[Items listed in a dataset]
□ □ □ □

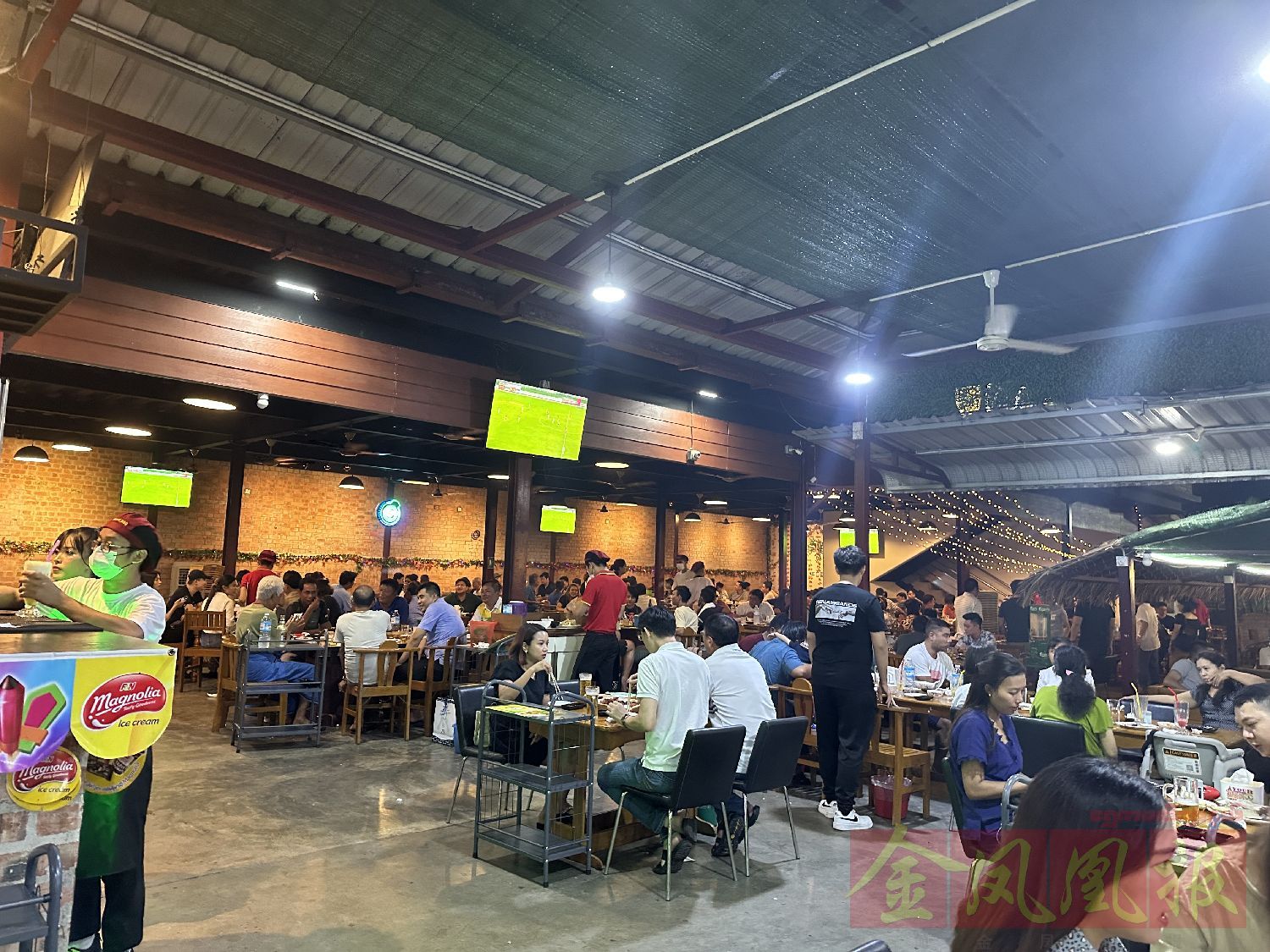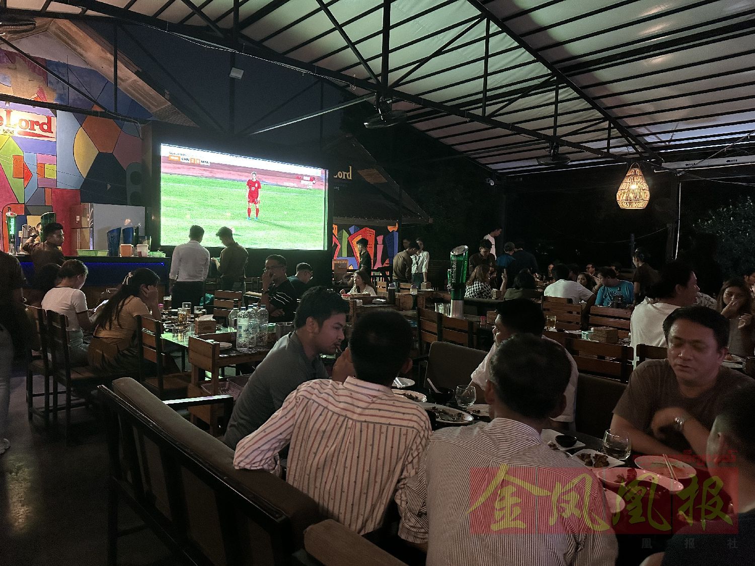 随着比赛开始,茵雅湖边的锦利烧烤店早已热闹非凡,院子里的电视转播让来就餐客人兴奋不已。“今天我们就是专门选在这里聚会,看着球过周末,太开心了。”几个正在看球的中资企业员工说。
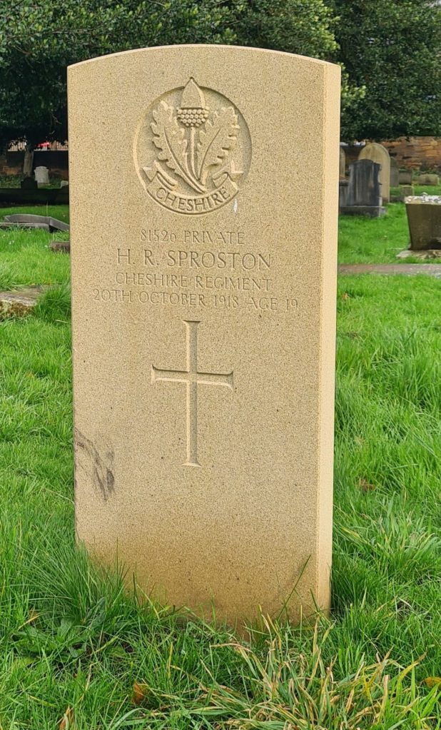 20/10/1918 Private Herbert Rees Sproston (Age 19) “C” Coy. 3rd Bn. Birkenhead (Flaybrick Hill) Cemetery, Cheshire United Kingdom. ‘81526’ Son of John and Eliza Sproston, of 13, Bray St., Birkenhead. (pic from findagrave.com – with thanks)
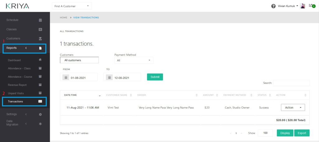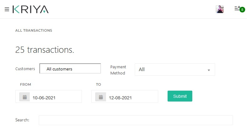 KRIYA Booking System has a Transactions Report feature to quickly view transactions made at your business. The report provides options like viewing, receipt and creating Invoices.
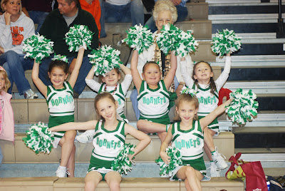 I believe I've mentioned before that I have been coaching a group of 9 pre-k and kindergarten girls for cheerleading this basketball season. Its been interesting, but the girls are a hoot. Each one of the girls are full of personality and I am so proud of each and every one of them.
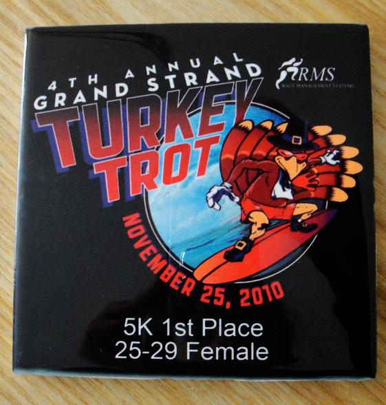 BUT I did get 1st in my age group and 5th woman overall, so I am really pleased with that. Regardless of distance, I beat a ton of people (19th out of 218 5k runners), and I earned my TURKEY (and my surfing turkey ceramic tile, awesome prize!)
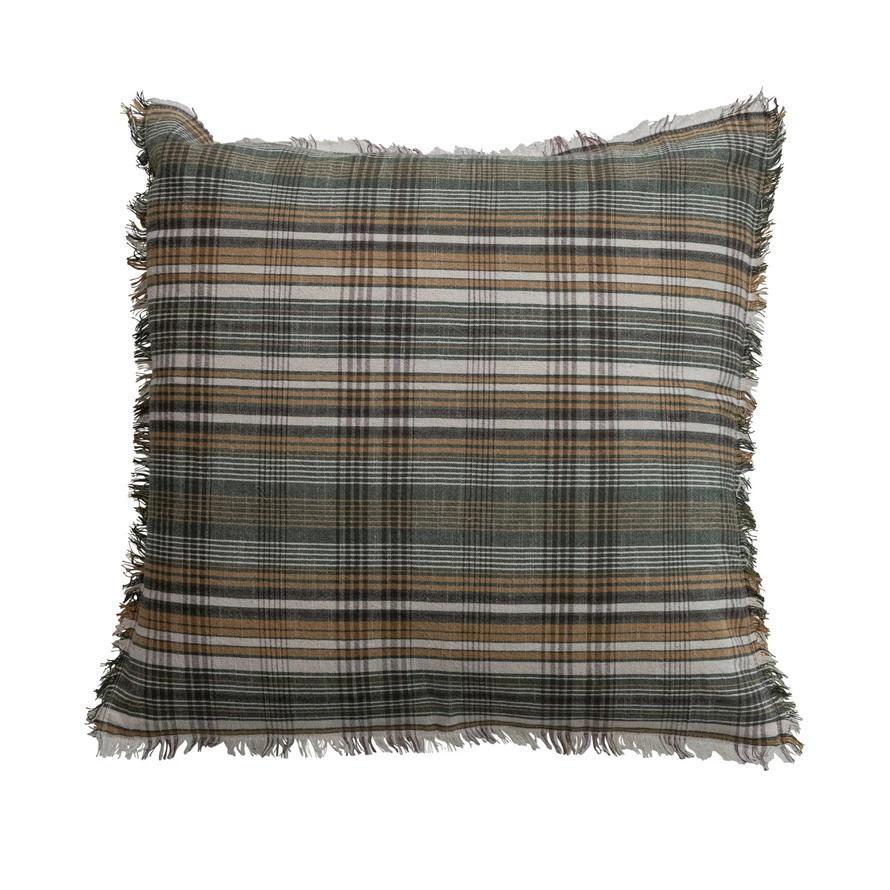 Woven Linen & Cotton Plaid Pillow | 20" Square Fringe Throw Pillow – Lindale Floral Shop
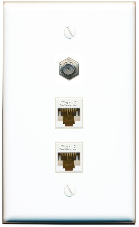 RiteAV - 2 Port Cat6 Ethernet 1 Coax Cable TV Wall Plate - Flat Style [White]
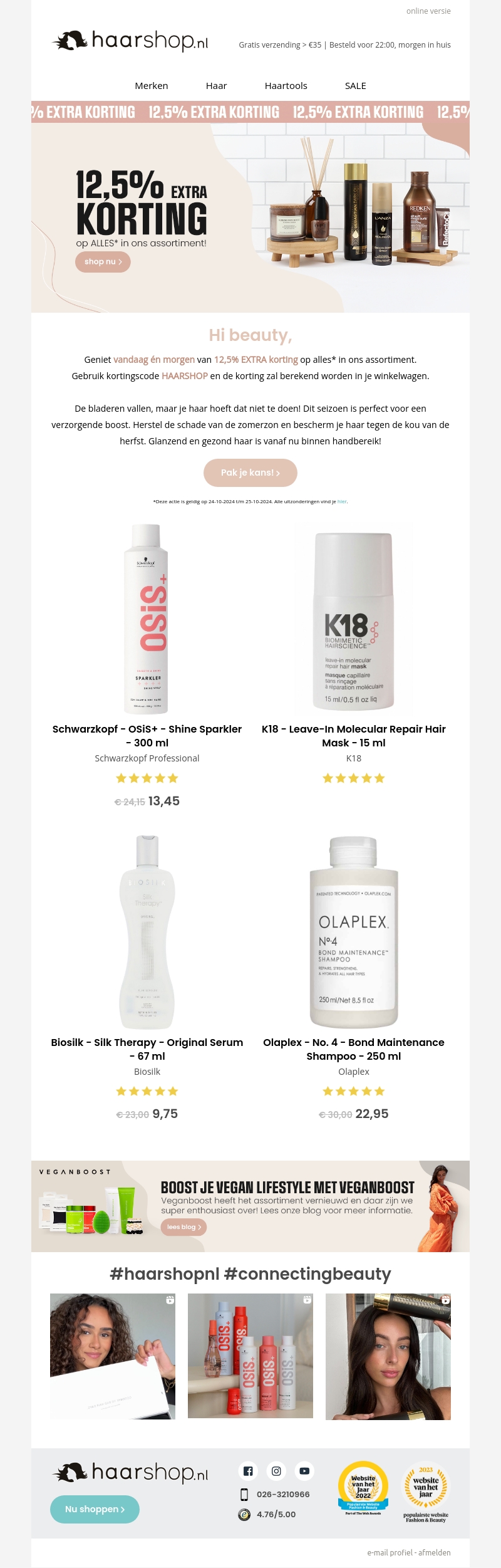 Dit seizoen biedt Haarshop.nl een exclusieve korting van 12,5% op hun gehele assortiment. Geniet van producten van topmerken zoals Schwarzkopf, K18, Biosilk en Olaplex. Ideaal om je haarverzorging naar een hoger niveau te tillen terwijl je bespaart. Mis deze kans niet om je haar herfstklaar te maken met glanzende en gezonde resultaten. Gebruik de kortingscode HAARSHOP bij het afrekenen.
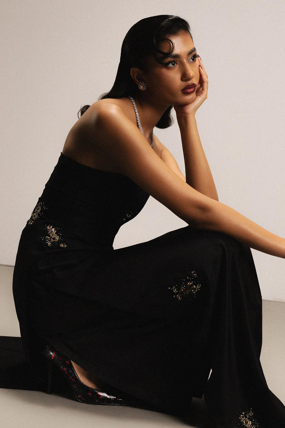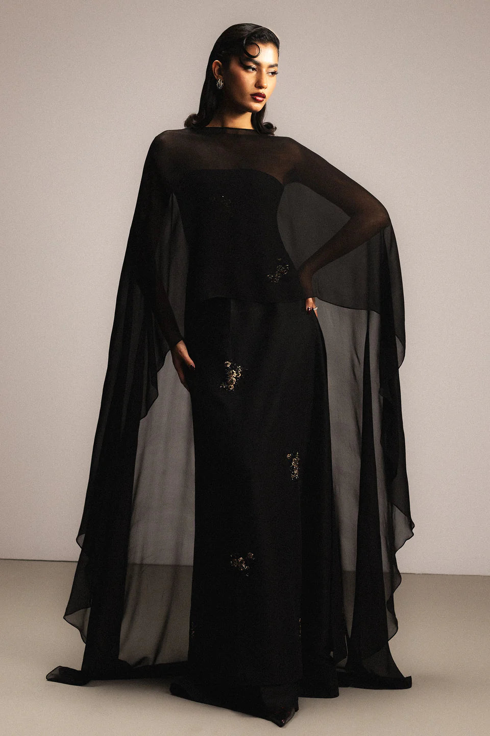 An all-black pure raw silk tube shirt adorned with a spray of hand-embellished golden floral motifs, paired with matching wide-leg trousers and layered with a pure georgette cape, creating a bold and contemporary statement look.
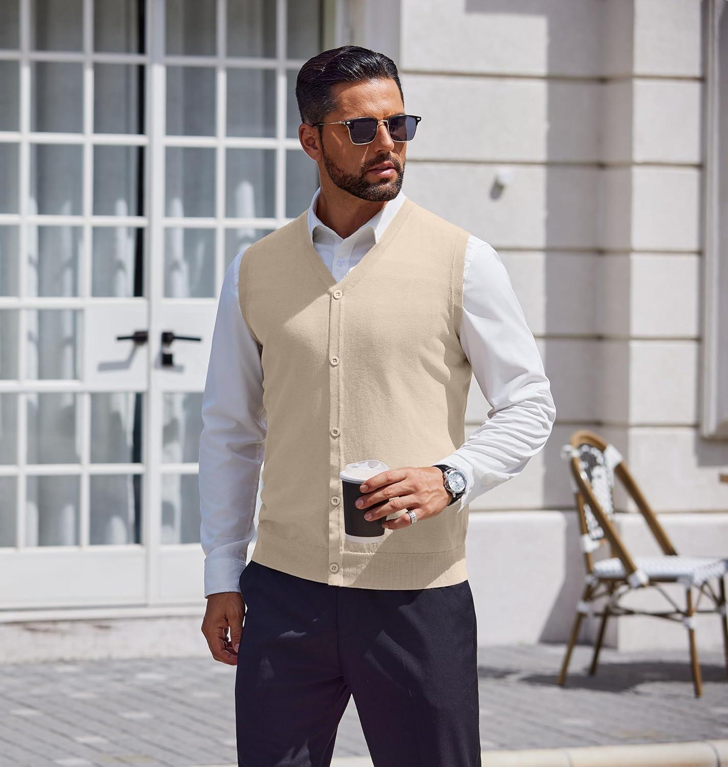 Don’t wait, get up to 50% off on COOFANDY Men’s Sweater Vest V Neck Casual Sleeveless Knitted Button Cardigan Vest(Light Khaki) during our end-of-season sale event.
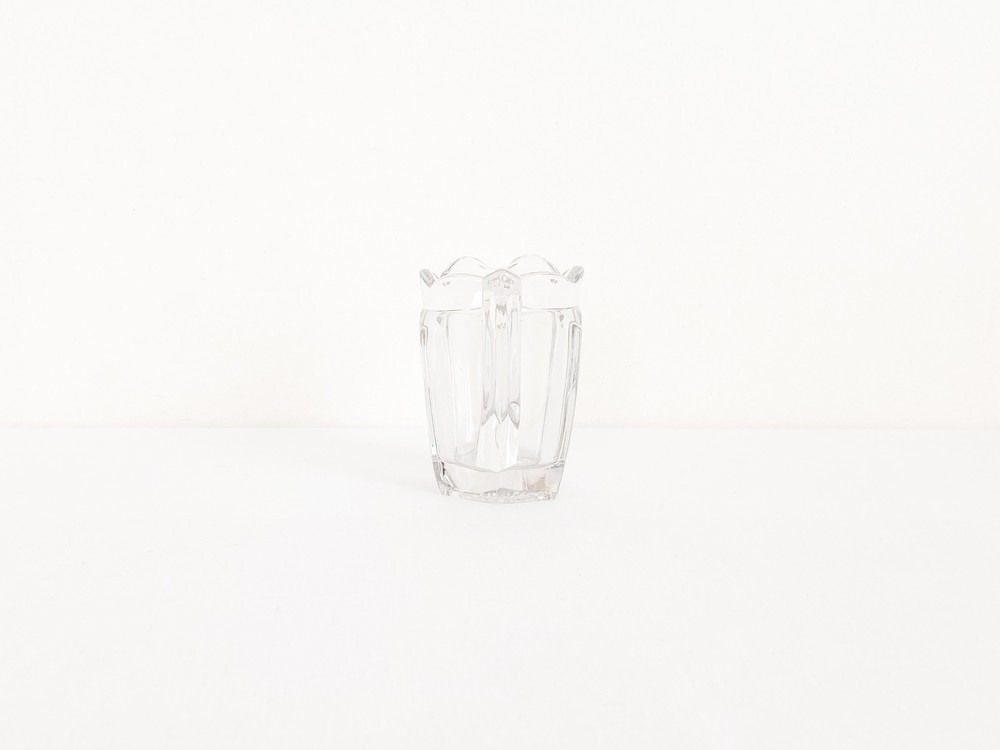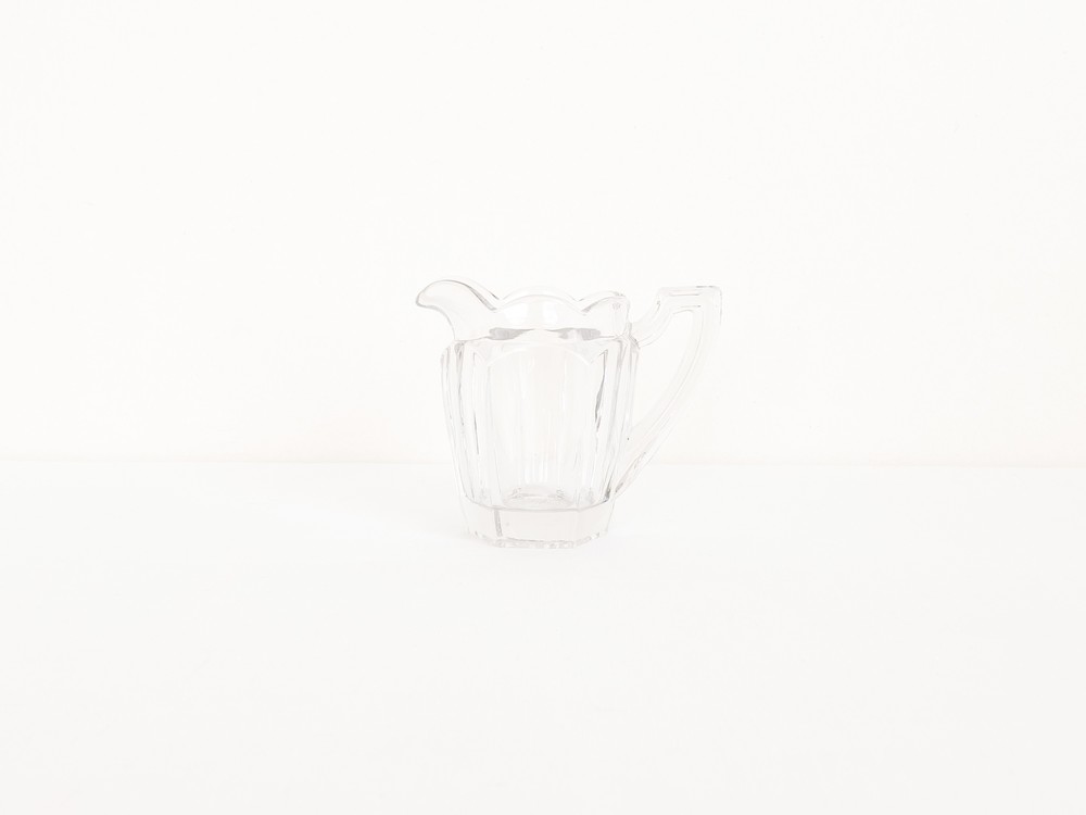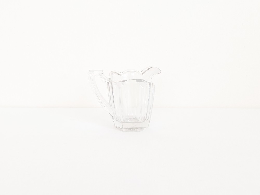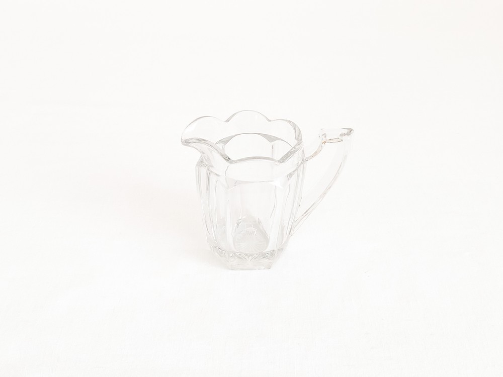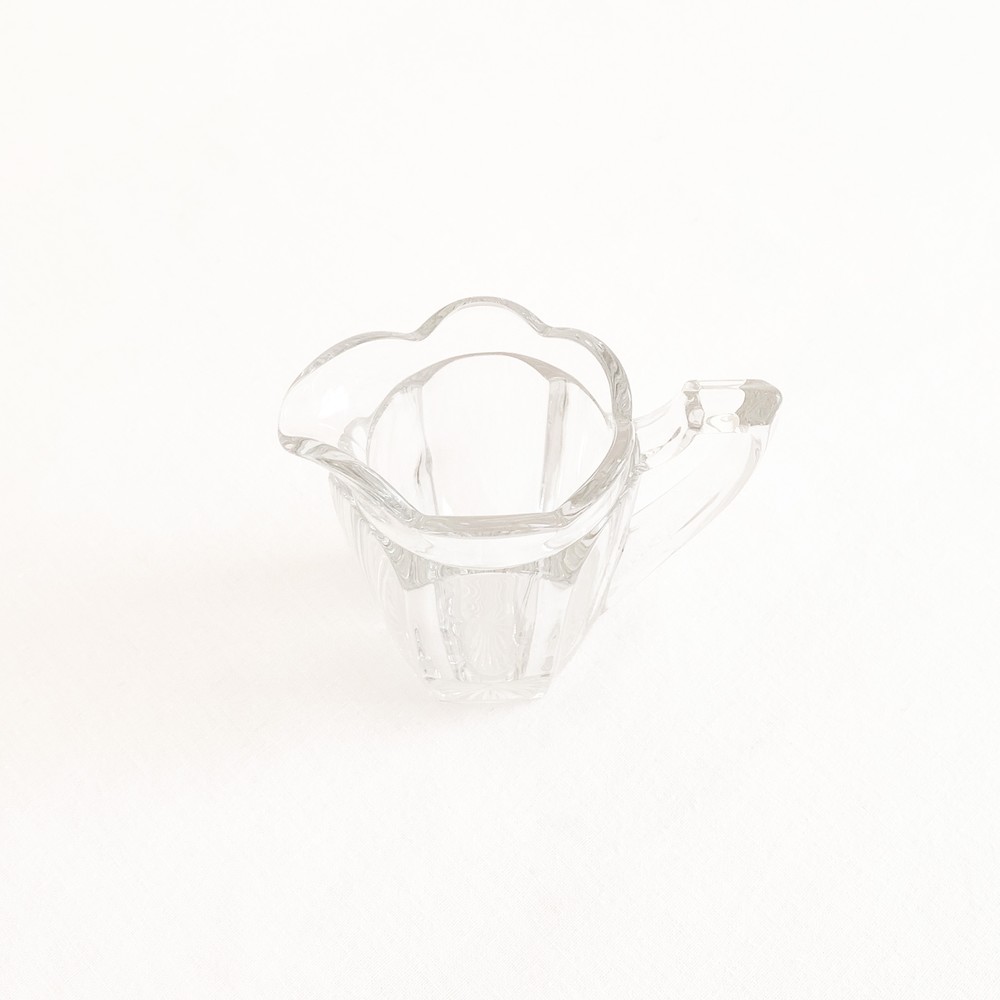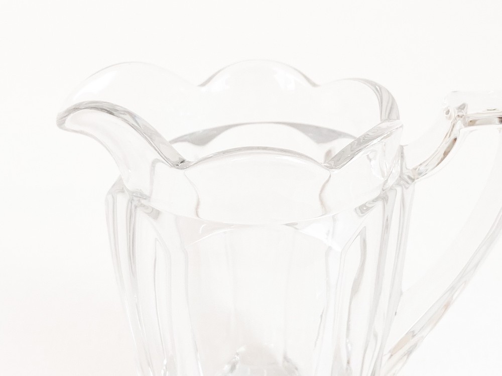 1950년대 중후반의 것으로 전해지는 빈티지 저그입니다. 깊은 투명함을 가진 강화유리를 소재로하는 제품으로, 테이블을 장식하는 레이스를 모티브로 만들어졌습니다. 활짝 핀 꽃잎의 모습을 떠올리는 저그는- 둥근 리듬으로 펼쳐진 가장자리와 스파우트, 그와 연결되며 반짝이도록 나뉜 면들을 보여주는 보울, 단정하며 섬세한 실루엣의 손잡이로 구성되어있습니다. 소재에서 전해지는 깨끗함을 바탕으로 전해지는 적당히 묵직한 화려함과 우아한 분위기를 가지고 있는 제품입니다., 계절의 꽃 몇송이를 담아두는 화병으로 사용하기에 잘 어울립니다.

□ □ □ □

This task calls for the records to be copied exactly, without pictures.

 随着比赛开始,茵雅湖边的锦利烧烤店早已热闹非凡,院子里的电视转播让来就餐客人兴奋不已。“今天我们就是专门选在这里聚会,看着球过周末,太开心了。”几个正在看球的中资企业员工说。
 20/10/1918 Private Herbert Rees Sproston (Age 19) “C” Coy. 3rd Bn. Birkenhead (Flaybrick Hill) Cemetery, Cheshire United Kingdom. ‘81526’ Son of John and Eliza Sproston, of 13, Bray St., Birkenhead. (pic from findagrave.com – with thanks)
 KRIYA Booking System has a Transactions Report feature to quickly view transactions made at your business. The report provides options like viewing, receipt and creating Invoices.
 I believe I've mentioned before that I have been coaching a group of 9 pre-k and kindergarten girls for cheerleading this basketball season. Its been interesting, but the girls are a hoot. Each one of the girls are full of personality and I am so proud of each and every one of them.
 BUT I did get 1st in my age group and 5th woman overall, so I am really pleased with that. Regardless of distance, I beat a ton of people (19th out of 218 5k runners), and I earned my TURKEY (and my surfing turkey ceramic tile, awesome prize!)
 Woven Linen & Cotton Plaid Pillow | 20" Square Fringe Throw Pillow – Lindale Floral Shop
 RiteAV - 2 Port Cat6 Ethernet 1 Coax Cable TV Wall Plate - Flat Style [White]
 Dit seizoen biedt Haarshop.nl een exclusieve korting van 12,5% op hun gehele assortiment. Geniet van producten van topmerken zoals Schwarzkopf, K18, Biosilk en Olaplex. Ideaal om je haarverzorging naar een hoger niveau te tillen terwijl je bespaart. Mis deze kans niet om je haar herfstklaar te maken met glanzende en gezonde resultaten. Gebruik de kortingscode HAARSHOP bij het afrekenen.
 An all-black pure raw silk tube shirt adorned with a spray of hand-embellished golden floral motifs, paired with matching wide-leg trousers and layered with a pure georgette cape, creating a bold and contemporary statement look.
 Don’t wait, get up to 50% off on COOFANDY Men’s Sweater Vest V Neck Casual Sleeveless Knitted Button Cardigan Vest(Light Khaki) during our end-of-season sale event.
 1950년대 중후반의 것으로 전해지는 빈티지 저그입니다. 깊은 투명함을 가진 강화유리를 소재로하는 제품으로, 테이블을 장식하는 레이스를 모티브로 만들어졌습니다. 활짝 핀 꽃잎의 모습을 떠올리는 저그는- 둥근 리듬으로 펼쳐진 가장자리와 스파우트, 그와 연결되며 반짝이도록 나뉜 면들을 보여주는 보울, 단정하며 섬세한 실루엣의 손잡이로 구성되어있습니다. 소재에서 전해지는 깨끗함을 바탕으로 전해지는 적당히 묵직한 화려함과 우아한 분위기를 가지고 있는 제품입니다., 계절의 꽃 몇송이를 담아두는 화병으로 사용하기에 잘 어울립니다.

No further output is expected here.